# WHAT IS NEEDED
Every line from the beginning of the data through the line containing "This Highwoods homeowner" should be reproduced exactly, and no further lines should be output.

Records from a collection

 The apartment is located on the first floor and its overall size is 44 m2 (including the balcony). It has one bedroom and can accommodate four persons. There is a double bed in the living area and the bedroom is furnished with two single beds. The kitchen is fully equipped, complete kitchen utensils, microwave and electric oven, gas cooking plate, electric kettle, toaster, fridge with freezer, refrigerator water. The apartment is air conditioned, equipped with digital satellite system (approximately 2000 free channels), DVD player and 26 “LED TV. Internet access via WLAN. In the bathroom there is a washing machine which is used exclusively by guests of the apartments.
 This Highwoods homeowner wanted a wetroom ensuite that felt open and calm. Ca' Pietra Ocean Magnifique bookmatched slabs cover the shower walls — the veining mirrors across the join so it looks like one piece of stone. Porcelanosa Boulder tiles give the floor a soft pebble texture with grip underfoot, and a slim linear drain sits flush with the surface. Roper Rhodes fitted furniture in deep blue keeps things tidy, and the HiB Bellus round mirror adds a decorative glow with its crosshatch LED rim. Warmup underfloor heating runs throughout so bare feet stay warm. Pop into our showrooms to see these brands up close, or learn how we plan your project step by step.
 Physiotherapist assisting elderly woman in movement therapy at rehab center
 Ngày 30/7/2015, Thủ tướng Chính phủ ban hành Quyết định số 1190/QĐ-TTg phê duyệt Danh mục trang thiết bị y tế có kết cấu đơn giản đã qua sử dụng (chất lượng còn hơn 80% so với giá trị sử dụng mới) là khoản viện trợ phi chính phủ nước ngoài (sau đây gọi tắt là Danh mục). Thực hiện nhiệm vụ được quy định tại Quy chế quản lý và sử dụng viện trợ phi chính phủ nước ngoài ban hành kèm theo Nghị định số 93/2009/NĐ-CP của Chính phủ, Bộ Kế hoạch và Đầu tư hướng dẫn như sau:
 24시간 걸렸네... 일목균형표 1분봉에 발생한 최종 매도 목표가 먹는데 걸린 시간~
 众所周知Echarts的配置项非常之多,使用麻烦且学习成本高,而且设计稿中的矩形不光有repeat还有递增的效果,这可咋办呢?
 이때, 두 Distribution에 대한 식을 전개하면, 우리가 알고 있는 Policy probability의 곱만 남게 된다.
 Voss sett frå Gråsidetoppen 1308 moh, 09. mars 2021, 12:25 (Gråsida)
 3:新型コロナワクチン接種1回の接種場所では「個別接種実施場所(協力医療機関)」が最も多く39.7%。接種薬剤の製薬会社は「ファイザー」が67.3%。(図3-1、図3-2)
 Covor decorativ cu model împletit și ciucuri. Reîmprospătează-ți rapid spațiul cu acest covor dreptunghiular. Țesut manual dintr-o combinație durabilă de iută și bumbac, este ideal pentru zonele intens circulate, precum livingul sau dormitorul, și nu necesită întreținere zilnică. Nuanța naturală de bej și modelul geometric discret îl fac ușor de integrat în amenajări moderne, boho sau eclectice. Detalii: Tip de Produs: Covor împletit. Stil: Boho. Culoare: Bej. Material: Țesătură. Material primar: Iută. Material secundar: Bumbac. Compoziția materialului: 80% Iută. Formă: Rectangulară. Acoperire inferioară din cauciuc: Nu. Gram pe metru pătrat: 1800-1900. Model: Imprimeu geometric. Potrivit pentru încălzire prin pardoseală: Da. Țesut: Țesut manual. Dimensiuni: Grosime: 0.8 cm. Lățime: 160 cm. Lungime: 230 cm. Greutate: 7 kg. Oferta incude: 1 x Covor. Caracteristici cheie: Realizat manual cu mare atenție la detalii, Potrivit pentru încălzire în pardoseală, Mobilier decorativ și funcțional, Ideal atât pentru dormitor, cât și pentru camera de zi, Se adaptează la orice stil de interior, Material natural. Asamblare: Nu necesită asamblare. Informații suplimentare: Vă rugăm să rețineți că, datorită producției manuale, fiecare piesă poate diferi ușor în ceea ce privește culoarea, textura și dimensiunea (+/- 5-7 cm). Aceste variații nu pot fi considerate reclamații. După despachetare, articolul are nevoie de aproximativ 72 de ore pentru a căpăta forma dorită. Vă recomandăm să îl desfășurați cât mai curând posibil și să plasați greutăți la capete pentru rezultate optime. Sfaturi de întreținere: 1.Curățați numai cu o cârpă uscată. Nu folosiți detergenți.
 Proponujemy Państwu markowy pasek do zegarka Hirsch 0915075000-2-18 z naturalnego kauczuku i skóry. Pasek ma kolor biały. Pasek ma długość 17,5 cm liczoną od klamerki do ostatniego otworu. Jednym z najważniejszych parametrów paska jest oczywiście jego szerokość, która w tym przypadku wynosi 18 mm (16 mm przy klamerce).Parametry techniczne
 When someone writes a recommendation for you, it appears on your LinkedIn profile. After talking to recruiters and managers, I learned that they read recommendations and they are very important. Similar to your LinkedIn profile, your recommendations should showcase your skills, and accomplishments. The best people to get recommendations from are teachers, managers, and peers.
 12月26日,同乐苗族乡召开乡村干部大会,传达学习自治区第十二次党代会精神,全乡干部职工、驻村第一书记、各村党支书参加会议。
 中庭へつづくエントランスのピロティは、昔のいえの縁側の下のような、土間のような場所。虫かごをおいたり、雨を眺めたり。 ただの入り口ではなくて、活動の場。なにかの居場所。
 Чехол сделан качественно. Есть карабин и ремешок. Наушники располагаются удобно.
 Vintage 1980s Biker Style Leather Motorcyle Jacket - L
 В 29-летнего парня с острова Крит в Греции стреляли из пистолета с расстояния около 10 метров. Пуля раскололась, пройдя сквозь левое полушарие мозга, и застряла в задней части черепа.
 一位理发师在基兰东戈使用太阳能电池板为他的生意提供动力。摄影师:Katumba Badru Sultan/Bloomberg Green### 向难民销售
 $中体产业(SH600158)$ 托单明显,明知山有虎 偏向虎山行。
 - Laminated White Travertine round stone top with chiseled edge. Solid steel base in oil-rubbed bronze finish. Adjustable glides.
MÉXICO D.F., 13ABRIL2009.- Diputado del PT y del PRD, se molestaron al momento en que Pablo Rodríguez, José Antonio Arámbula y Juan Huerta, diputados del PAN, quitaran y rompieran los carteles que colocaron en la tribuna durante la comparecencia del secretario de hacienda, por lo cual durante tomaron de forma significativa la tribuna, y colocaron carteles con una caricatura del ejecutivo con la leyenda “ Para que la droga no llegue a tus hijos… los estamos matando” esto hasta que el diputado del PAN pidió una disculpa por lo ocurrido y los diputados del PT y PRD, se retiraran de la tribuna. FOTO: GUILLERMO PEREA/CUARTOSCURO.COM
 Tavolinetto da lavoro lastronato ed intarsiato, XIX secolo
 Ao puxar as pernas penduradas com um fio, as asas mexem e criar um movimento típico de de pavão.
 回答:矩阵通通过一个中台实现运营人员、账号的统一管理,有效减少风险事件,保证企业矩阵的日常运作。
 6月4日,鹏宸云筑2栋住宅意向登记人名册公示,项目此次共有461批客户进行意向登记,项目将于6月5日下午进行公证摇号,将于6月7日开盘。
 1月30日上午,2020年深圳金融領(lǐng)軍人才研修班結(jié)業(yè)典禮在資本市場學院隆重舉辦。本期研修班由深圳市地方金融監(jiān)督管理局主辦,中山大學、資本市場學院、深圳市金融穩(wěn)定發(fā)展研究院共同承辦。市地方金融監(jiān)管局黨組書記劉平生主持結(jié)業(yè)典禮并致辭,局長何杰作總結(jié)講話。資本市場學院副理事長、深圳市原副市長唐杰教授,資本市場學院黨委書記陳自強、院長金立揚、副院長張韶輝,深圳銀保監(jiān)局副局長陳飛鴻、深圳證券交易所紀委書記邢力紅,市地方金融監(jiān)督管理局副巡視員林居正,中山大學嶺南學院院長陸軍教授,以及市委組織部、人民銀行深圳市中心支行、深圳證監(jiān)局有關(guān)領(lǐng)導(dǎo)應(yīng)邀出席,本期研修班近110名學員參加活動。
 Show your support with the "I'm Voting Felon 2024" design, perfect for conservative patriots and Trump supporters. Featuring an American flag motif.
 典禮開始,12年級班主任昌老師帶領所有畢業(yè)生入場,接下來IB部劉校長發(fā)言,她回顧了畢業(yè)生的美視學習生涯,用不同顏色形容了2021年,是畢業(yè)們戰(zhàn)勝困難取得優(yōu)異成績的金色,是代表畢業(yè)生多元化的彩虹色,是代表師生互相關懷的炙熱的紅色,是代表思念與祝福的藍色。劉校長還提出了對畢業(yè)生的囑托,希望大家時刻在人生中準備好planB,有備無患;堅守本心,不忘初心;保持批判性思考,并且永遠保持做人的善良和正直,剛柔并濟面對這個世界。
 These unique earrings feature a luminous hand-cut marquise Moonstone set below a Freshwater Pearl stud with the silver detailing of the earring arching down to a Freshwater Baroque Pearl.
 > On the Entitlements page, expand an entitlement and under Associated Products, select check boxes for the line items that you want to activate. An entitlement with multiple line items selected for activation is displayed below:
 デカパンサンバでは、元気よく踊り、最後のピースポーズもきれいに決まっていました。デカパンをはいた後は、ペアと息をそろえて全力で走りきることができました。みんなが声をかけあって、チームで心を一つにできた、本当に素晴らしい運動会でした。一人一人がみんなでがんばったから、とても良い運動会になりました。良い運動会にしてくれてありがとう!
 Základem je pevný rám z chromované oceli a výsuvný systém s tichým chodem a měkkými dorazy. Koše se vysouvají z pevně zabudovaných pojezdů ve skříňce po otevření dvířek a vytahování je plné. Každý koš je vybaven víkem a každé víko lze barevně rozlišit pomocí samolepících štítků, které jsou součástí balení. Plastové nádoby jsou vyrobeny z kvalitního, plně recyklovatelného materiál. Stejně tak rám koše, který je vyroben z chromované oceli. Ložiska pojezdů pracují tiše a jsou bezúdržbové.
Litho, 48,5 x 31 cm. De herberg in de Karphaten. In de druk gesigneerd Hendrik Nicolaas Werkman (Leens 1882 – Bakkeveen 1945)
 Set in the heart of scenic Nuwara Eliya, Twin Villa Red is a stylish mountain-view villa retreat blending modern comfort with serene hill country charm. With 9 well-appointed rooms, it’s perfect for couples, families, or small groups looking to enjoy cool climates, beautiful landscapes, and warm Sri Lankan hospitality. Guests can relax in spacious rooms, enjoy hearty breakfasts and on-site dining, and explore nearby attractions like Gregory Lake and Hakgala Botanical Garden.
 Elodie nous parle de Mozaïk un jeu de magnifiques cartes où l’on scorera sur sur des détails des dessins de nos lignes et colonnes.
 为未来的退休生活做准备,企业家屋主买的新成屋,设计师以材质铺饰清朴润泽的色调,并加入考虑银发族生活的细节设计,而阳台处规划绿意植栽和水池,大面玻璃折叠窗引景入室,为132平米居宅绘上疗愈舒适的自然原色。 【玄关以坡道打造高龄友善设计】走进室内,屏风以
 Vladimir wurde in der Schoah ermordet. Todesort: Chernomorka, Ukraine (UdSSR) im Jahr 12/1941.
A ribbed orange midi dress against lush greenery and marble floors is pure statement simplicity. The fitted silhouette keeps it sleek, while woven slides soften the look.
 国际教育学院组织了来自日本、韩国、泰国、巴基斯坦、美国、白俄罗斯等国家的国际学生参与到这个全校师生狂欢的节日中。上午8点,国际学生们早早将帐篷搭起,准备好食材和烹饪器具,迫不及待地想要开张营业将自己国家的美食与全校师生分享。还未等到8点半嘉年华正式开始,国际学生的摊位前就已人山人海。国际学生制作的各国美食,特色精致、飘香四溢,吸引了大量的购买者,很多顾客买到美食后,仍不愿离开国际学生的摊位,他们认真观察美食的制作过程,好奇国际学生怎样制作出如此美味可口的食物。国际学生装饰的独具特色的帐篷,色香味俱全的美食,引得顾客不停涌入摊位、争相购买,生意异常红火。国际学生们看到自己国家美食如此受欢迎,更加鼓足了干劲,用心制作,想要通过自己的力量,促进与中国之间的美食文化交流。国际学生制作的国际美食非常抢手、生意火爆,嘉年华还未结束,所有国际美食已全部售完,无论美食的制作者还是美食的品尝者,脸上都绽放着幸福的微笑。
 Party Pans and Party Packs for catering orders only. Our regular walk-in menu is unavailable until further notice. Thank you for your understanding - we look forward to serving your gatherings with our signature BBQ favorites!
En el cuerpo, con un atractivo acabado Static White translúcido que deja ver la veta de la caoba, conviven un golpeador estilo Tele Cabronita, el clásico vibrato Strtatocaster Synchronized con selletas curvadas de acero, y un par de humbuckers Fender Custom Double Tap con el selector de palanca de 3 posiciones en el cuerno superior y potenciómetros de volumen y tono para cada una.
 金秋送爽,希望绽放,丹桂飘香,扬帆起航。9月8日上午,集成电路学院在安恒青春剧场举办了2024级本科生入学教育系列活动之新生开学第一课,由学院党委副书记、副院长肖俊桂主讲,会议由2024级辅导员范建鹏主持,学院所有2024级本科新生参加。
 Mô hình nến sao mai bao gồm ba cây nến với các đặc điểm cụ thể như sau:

# RESPONSE TO THE TASK
 The apartment is located on the first floor and its overall size is 44 m2 (including the balcony). It has one bedroom and can accommodate four persons. There is a double bed in the living area and the bedroom is furnished with two single beds. The kitchen is fully equipped, complete kitchen utensils, microwave and electric oven, gas cooking plate, electric kettle, toaster, fridge with freezer, refrigerator water. The apartment is air conditioned, equipped with digital satellite system (approximately 2000 free channels), DVD player and 26 “LED TV. Internet access via WLAN. In the bathroom there is a washing machine which is used exclusively by guests of the apartments.
 This Highwoods homeowner wanted a wetroom ensuite that felt open and calm. Ca' Pietra Ocean Magnifique bookmatched slabs cover the shower walls — the veining mirrors across the join so it looks like one piece of stone. Porcelanosa Boulder tiles give the floor a soft pebble texture with grip underfoot, and a slim linear drain sits flush with the surface. Roper Rhodes fitted furniture in deep blue keeps things tidy, and the HiB Bellus round mirror adds a decorative glow with its crosshatch LED rim. Warmup underfloor heating runs throughout so bare feet stay warm. Pop into our showrooms to see these brands up close, or learn how we plan your project step by step.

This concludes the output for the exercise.